The significance of this project lies in its ambitious goal to tackle this multifaceted challenge head-on. We aim to provide a comprehensive solution by presenting a well-structured pipeline that incorporates object detection and 3D reconstruction methodologies. Object detection, a fundamental step in the process, involves the precise identification and delineation of objects within a 2D image, allowing for a granular understanding of their spatial boundaries and relationships. This segmented information then becomes the foundation for the subsequent generation of detailed 3D models.[3][4]

This project embarks on an ambitious project to build a robust image classification pipeline with the ability to accurately detect and describe many features in a given two-dimensional image The main goal is to develop sophisticated systems which can accurately categorize different components, and lay the foundation for subsequent phases. Based on segmented object data, the objective of the project is to produce more realistic 3D models for each identified object, extending the application to more detailed three-dimensional models The ultimate goal is to demonstrate how a proposed method of the technique is efficient and applicable to the spectrum of real-world scenarios and data sets To achieve the project is not only to provide practical solutions for applications that require the creation of complex 3D objects not only but will contribute significantly to ongoing computer vision techniques.

II. LITERATURE REVIEW

Deepu R, Murali S et al. -Perceiving 3D scenes is a challenge for computers as it requires obtaining 3D shape information from planar images, known as 3D reconstruction.
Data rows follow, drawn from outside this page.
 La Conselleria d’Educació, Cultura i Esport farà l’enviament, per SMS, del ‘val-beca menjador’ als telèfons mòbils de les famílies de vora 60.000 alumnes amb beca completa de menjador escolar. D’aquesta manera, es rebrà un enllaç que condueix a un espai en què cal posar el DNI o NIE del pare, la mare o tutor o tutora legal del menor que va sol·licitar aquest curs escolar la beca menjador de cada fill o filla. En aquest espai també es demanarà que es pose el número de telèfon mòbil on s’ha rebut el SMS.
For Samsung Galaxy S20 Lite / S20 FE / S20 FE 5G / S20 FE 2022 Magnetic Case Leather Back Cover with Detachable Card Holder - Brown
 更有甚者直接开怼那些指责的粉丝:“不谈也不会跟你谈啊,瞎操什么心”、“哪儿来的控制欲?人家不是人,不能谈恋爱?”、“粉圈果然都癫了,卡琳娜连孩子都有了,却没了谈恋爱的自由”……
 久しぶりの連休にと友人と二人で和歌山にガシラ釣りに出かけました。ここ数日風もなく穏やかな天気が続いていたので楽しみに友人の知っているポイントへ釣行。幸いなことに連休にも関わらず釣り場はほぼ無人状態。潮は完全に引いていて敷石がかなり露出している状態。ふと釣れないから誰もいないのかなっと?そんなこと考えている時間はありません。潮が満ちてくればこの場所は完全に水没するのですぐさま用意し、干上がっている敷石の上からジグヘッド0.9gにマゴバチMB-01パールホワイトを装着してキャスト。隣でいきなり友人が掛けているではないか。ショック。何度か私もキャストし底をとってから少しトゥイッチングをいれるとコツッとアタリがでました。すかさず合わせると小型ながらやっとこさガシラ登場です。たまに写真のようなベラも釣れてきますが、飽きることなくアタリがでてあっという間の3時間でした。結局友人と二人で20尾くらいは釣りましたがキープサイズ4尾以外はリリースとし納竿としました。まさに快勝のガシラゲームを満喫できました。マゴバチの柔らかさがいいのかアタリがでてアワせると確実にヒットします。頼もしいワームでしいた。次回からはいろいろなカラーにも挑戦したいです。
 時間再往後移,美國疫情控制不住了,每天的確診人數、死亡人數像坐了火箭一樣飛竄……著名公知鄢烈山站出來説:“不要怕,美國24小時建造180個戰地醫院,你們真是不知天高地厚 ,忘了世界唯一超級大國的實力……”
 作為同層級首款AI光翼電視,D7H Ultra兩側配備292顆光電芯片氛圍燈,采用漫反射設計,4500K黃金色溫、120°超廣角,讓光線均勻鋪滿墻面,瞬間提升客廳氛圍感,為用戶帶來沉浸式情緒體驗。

This is done by identifying planes and constructing a representation of the scene. The captured image is perspectively distorted, which is corrected using corner point estimation. View metrology helps determine the true dimensions. A 3D model is then constructed in VRML based on these dimensions, and texture maps are applied to polygon surfaces. VRML supports walkthroughs for generating different views [1].

Era Xian-Feng Han*, Hamid Laga*e et al. - This paper presents a comprehensive review of recent developments in image-based 3D reconstruction using convolutional neural networks (CNNs). It focuses on deep learning techniques to estimate the 3D shape of common objects from one or more RGB images. The literature is organized based on shape representations, network architectures, and training mechanisms. We also look at certain classes of objects, such as human body shapes and faces. The article provides an analysis of the results, identifies open issues, and suggests future research directions.[2]

Victoria M Baretto et al.- To address the scarcity of 3D content compared to 2D, various methods have been proposed for 2D-to-3D image conversion. Human-operated methods have been successful but time-consuming and costly.

Automatic methods relying on deterministic 3D scene models have not achieved comparable quality due to practical violations of assumptions. Two types of methods have been developed: one based on learning a point mapping from local image attributes, and the other based on estimating the depth map of an image from a repository of 3D images using nearest-neighbour regression. These methods demonstrate effectiveness and computational efficiency but also have their drawbacks and benefits[3]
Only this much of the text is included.